Output all of the data exactly, keeping any images out of the copy.

* _Material provided_:
########################################

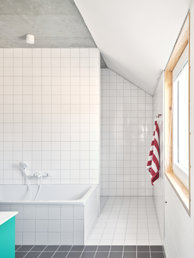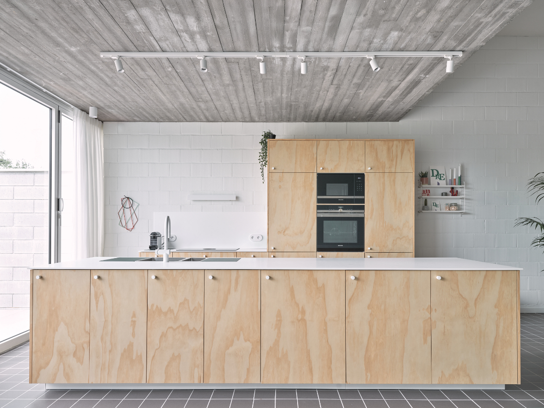In deze split level woning leven bewoners tussen de drie nieuwe afgesloten volumes. De garage op het gelijkvloers. Een master bedroom en een eerste kinderkamer aan de achtergevel. De badkamer en een tweede kinderkamer aan de voorgevel.
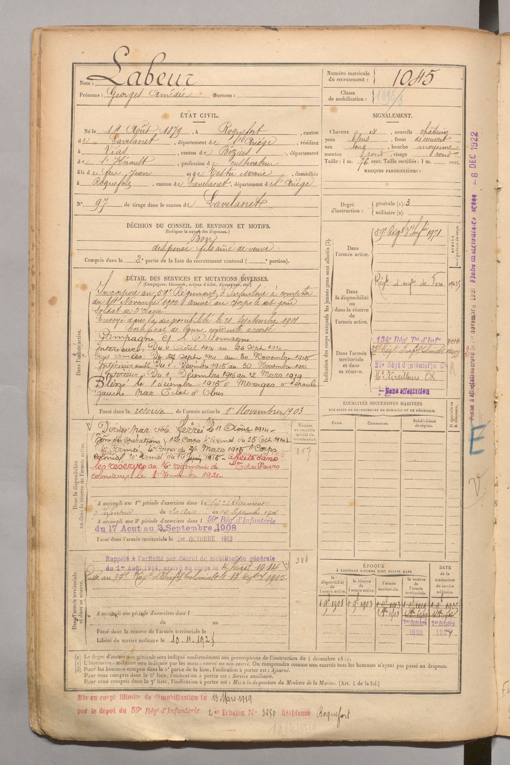 | Labeur | Georges Amédée | FOIX | 1 R 458 | 1899 | Roquefort-les-Cascades | Vias | 1045 |
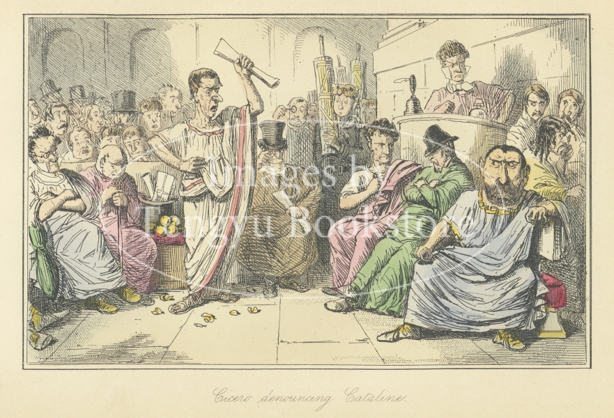 19世紀イギリスの諷刺雑誌「パンチ」の創刊にも携わった作家ギルバート・アボット・ア・ベケット(1811-1856)の歴史書「漫画ローマ史」の挿絵。

########################################

* _Response to this exercise_:
In deze split level woning leven bewoners tussen de drie nieuwe afgesloten volumes. De garage op het gelijkvloers. Een master bedroom en een eerste kinderkamer aan de achtergevel. De badkamer en een tweede kinderkamer aan de voorgevel.
 | Labeur | Georges Amédée | FOIX | 1 R 458 | 1899 | Roquefort-les-Cascades | Vias | 1045 |
 19世紀イギリスの諷刺雑誌「パンチ」の創刊にも携わった作家ギルバート・アボット・ア・ベケット(1811-1856)の歴史書「漫画ローマ史」の挿絵。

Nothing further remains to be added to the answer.